**Source data**
_____
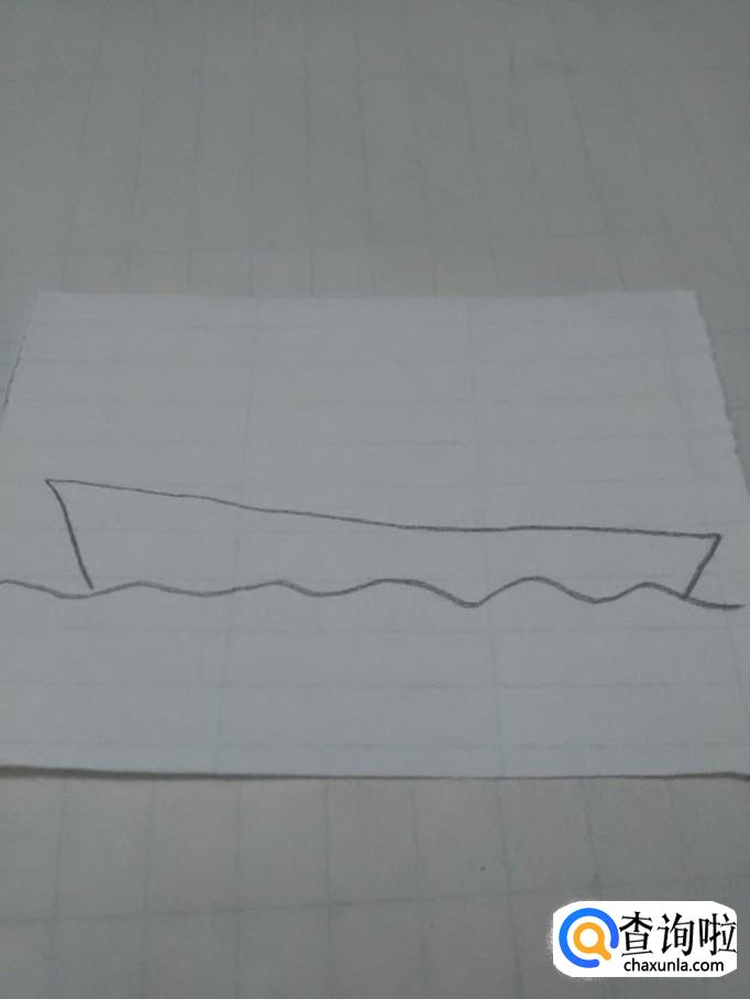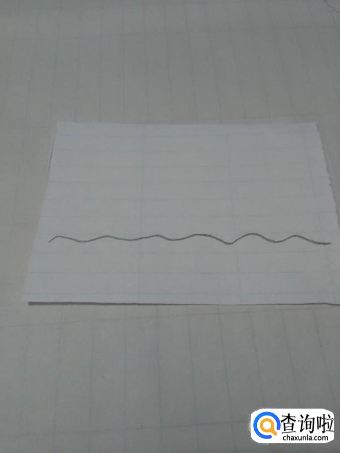 先用笔在纸上画一条波浪形曲线,表示大海的海面。
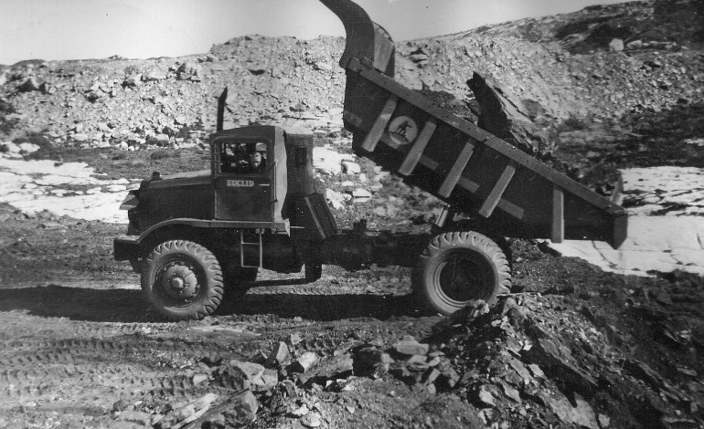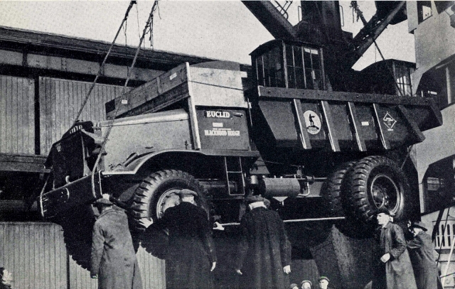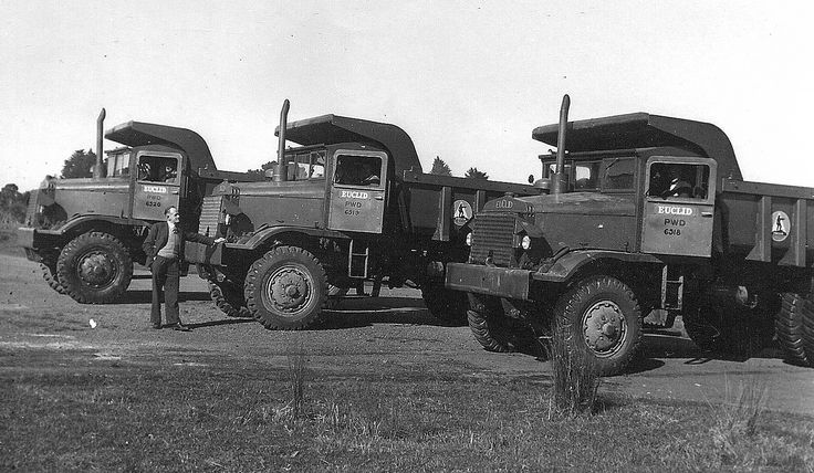 Jacques - Thank you for posting the photograph of a fleet of Euclid R-15s hard at work as weighing machines to test the strength of a bridge in France. Presume there is a bridge there somewhere! Hopefully you may uncover the rest of the sequence of pictures of this flock of tractors and R-15s actually on that bridge! To compliment Jacques' photograph, here are some further photographs of Euclid R-15s at work around the globe - from England and all the way down to New Zealand and Australia. Up first are two photographs of some of the Euclid R-15s that were imported into New Zealand from England on behalf of the Department of Public Works for use in various hydro-electricity projects. A total of 124 R-15s were imported from the late 1940s consisting of various models, 49FD, 82FD, B3FD, B6FD and B7FD, with the Rolls-Royce powered B6FD type being the most numerous. Many of these work-horses were still in operation into the 1970s, and indication of the strength that had been built into them by the manufacturer.
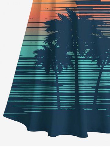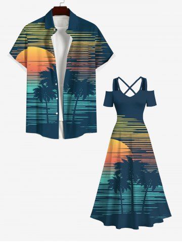 Graphic Dresses > Plus Size Coconut Tree Sea Sun Synthwave Print Cold Shoulder Crisscross Hawaii Maxi Dress
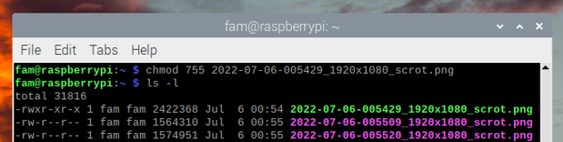 앞서 10진수와 2진수로 권한에 대해 설명하였습니다. 아래 예제를 보시면 쉽게 변경하는 방법에 대해 알 수 있습니다. 아래 예제는 755 로 파일의 권한을 변경합니다. 755는 소유자는 7(읽기, 쓰기, 실행)권한을 다 가지고 그룹과 기타는 5(읽기, 실행)에 대해 권한을 가집니다.
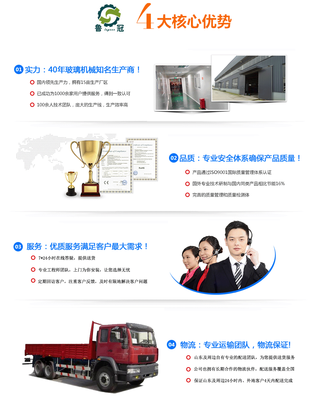山東魯冠玻璃機(jī)械有限公司,是從事玻璃機(jī)械的老牌企業(yè),在我國(guó)玻璃制品行業(yè)上享有較高的聲譽(yù)。我公司具備良好的整體素質(zhì)和技術(shù)力量,設(shè)備齊全,擁有完善的質(zhì)量管理和質(zhì)量檢測(cè)體系。主營(yíng)產(chǎn)品:玻璃加料機(jī),斜毯式玻璃加料機(jī),懸掛式玻璃加料機(jī),擺桿式玻璃加料機(jī),裹入式全密封加料機(jī)等。 企業(yè)始終堅(jiān)持“科學(xué)技術(shù)是主要生產(chǎn)力”的主導(dǎo)思想,不斷加大新產(chǎn)品研發(fā)力度,玻璃機(jī)械產(chǎn)品的開(kāi)發(fā)生產(chǎn),為適應(yīng)玻璃制品行業(yè)發(fā)展需要,相繼先后研制...
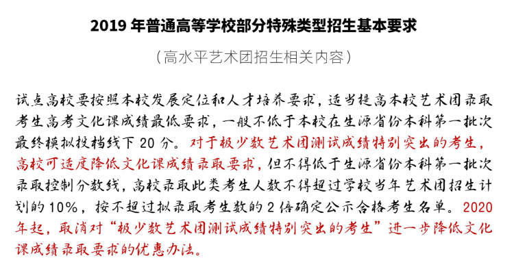 不过,教育部在2018年所发布的要求中,已经时明确了自2020年起,取消对“极少数艺术团测试成绩特别突出的考生”进一步降低文化课成绩录取要求的优惠办法。
_____
**ASSIGNMENT**
Set the preceding data down again word for word, omitting images.

**RESPONSE TO THE EXERCISE**
 先用笔在纸上画一条波浪形曲线,表示大海的海面。
 Jacques - Thank you for posting the photograph of a fleet of Euclid R-15s hard at work as weighing machines to test the strength of a bridge in France. Presume there is a bridge there somewhere! Hopefully you may uncover the rest of the sequence of pictures of this flock of tractors and R-15s actually on that bridge! To compliment Jacques' photograph, here are some further photographs of Euclid R-15s at work around the globe - from England and all the way down to New Zealand and Australia. Up first are two photographs of some of the Euclid R-15s that were imported into New Zealand from England on behalf of the Department of Public Works for use in various hydro-electricity projects. A total of 124 R-15s were imported from the late 1940s consisting of various models, 49FD, 82FD, B3FD, B6FD and B7FD, with the Rolls-Royce powered B6FD type being the most numerous. Many of these work-horses were still in operation into the 1970s, and indication of the strength that had been built into them by the manufacturer.
 Graphic Dresses > Plus Size Coconut Tree Sea Sun Synthwave Print Cold Shoulder Crisscross Hawaii Maxi Dress
 앞서 10진수와 2진수로 권한에 대해 설명하였습니다. 아래 예제를 보시면 쉽게 변경하는 방법에 대해 알 수 있습니다. 아래 예제는 755 로 파일의 권한을 변경합니다. 755는 소유자는 7(읽기, 쓰기, 실행)권한을 다 가지고 그룹과 기타는 5(읽기, 실행)에 대해 권한을 가집니다.
山東魯冠玻璃機(jī)械有限公司,是從事玻璃機(jī)械的老牌企業(yè),在我國(guó)玻璃制品行業(yè)上享有較高的聲譽(yù)。我公司具備良好的整體素質(zhì)和技術(shù)力量,設(shè)備齊全,擁有完善的質(zhì)量管理和質(zhì)量檢測(cè)體系。主營(yíng)產(chǎn)品:玻璃加料機(jī),斜毯式玻璃加料機(jī),懸掛式玻璃加料機(jī),擺桿式玻璃加料機(jī),裹入式全密封加料機(jī)等。 企業(yè)始終堅(jiān)持“科學(xué)技術(shù)是主要生產(chǎn)力”的主導(dǎo)思想,不斷加大新產(chǎn)品研發(fā)力度,玻璃機(jī)械產(chǎn)品的開(kāi)發(fā)生產(chǎn),為適應(yīng)玻璃制品行業(yè)發(fā)展需要,相繼先后研制...
 不过,教育部在2018年所发布的要求中,已经时明确了自2020年起,取消对“极少数艺术团测试成绩特别突出的考生”进一步降低文化课成绩录取要求的优惠办法。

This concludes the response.